I've fleshed out those designs, and turned them into XML syntax. I thought it would be interesting to share with you all. (It uses mondrian-4 concepts that I've not officially explained yet... but I figure, if it's a choice between beta product and complete documentation, you'd all rather have the product.)

I'm using the <MeasureGroup> syntax that we introduced to allow a cube to have multiple fact tables (effectively replacing the virtual cube concept). But I added the attribute "type=aggregate" to distinguish these hybrid "fact-aggregate" tables from regular fact tables. Many of the same concepts hold (<Measure>, <ForeignKeyLink>); I added <MeasureRef> to signal that a column holds a roll-up of a measure defined in another measure group (hence you don't need to re-specify the formatString or aggregator attributes).

I also added <CopyLink> element to define a dimension that is denormalized into the agg table. (You can't do that on a base measure group; the nearest equivalent is degenerate dimensions, specified using the <FactLink> element, but these require that the dimension is based on the same table that is the fact table of the measure group.)

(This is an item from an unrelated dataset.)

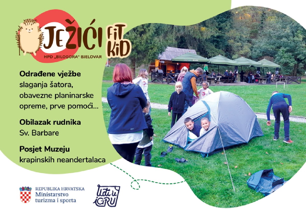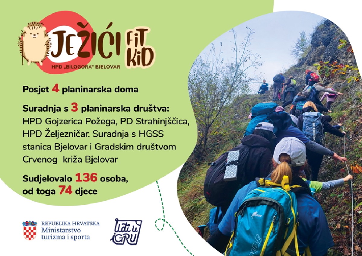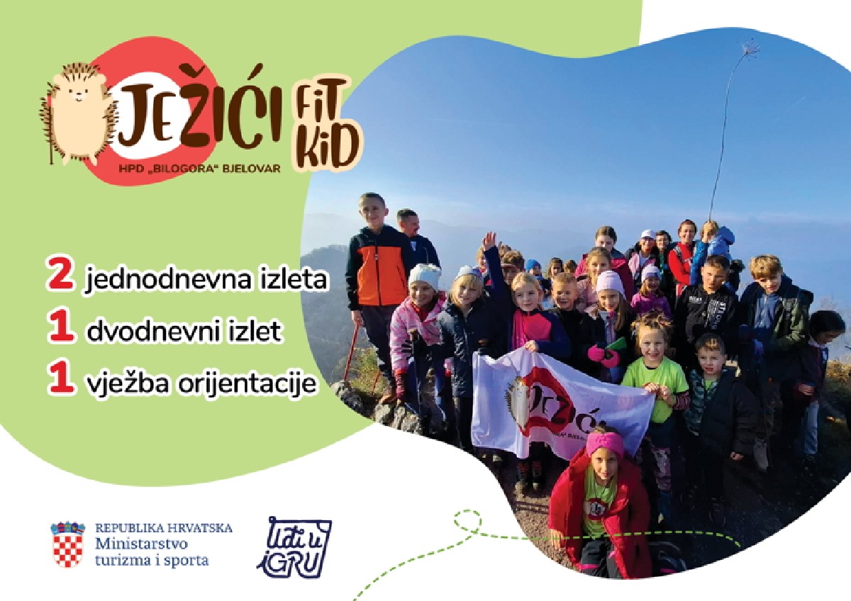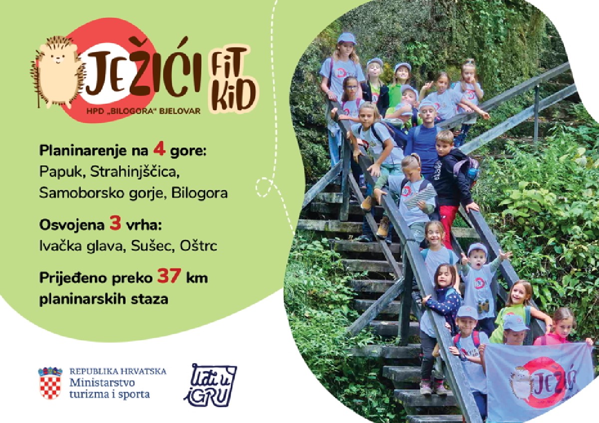 HPD Bilogora Bjelovar pokrenula je ove jeseni projekt za djecu pod nazivom „FIT KID JEŽIĆI“. Projekt je financiran sredstvima Ministarstva turizma i sporta, dobivenim putem natječaja za sufinanciranje sportskih programa usmjerenih na poticanje lokalnog sporta i sportskih natjecanja za 2024. godinu. Ukupna vrijednost projekta iznosi 5.903,60 eura, od čega je čak 85 % osigurano kroz sredstva Ministarstva turizma i sporta. Cilj projekta je bio promocija tjelesne aktivnosti i zdravih navika kod djece, što je u skladu s misijom HPD Bilogora da potiče aktivan i zdrav način života kroz planinarenje i sportske aktivnosti.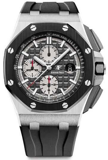 The exquisite branding technique combines a delicate ceramic bezel with a titanium case, designed in a 44 mm size to showcase the atmosphere and uniqueness of the new product. The front side of the ceramic bezel is brushed and the side is polished to give a look of ceramic. Combined with the brushed and polished titanium case, the details are in place. The rectangular chronograph button design has a stronger impact than the original circular design. The octagonal shape is screwed into the crown to engrave the Audemars Piguet "AP" LOGO, giving the new timepiece brand recognition. The waterproof performance of the watch is 100 meters.

To give you some idea of what MeasureGroups are, here is a regular fact table in mondrian-4 syntax:

<Cube name="Sales">
 ...
    <MeasureGroups>
        <MeasureGroup name='Sales' table='sales_fact_1997' type='base'>
            <Measures>
                <Measure name='Unit Sales' column='unit_sales' aggregator='sum' formatString='Standard'/>
                <Measure name='Store Cost' column='store_cost' aggregator='sum' formatString='#,###.00'/>
                <Measure name='Store Sales' column='store_sales' aggregator='sum' formatString='#,###.00'/>
                <Measure name='Sales Count' column='product_id' aggregator='count' formatString='#,###'/>
                <Measure name='Customer Count' column='customer_id' aggregator='distinct-count' formatString='#,###'/>
                <Measure name='Promotion Sales' column='promotion_sales' aggregator='sum' formatString='#,###.00' datatype='Numeric'/>
            </Measures>
            <DimensionLinks>
                <ForeignKeyLink dimension='Store' foreignKeyColumn='store_id'/>
                <ForeignKeyLink dimension='Time' foreignKeyColumn='time_id'/>
                <ForeignKeyLink dimension='Product' foreignKeyColumn='product_id'/>
                <ForeignKeyLink dimension='Promotion' foreignKeyColumn='promotion_id'/>
                <ForeignKeyLink dimension='Customer' foreignKeyColumn='customer_id'/>
            </DimensionLinks>
        </MeasureGroup>
    </MeasureGroups>
</Cube>

As you can see, it defines measures and how the fact table links to each of the cube's dimensions.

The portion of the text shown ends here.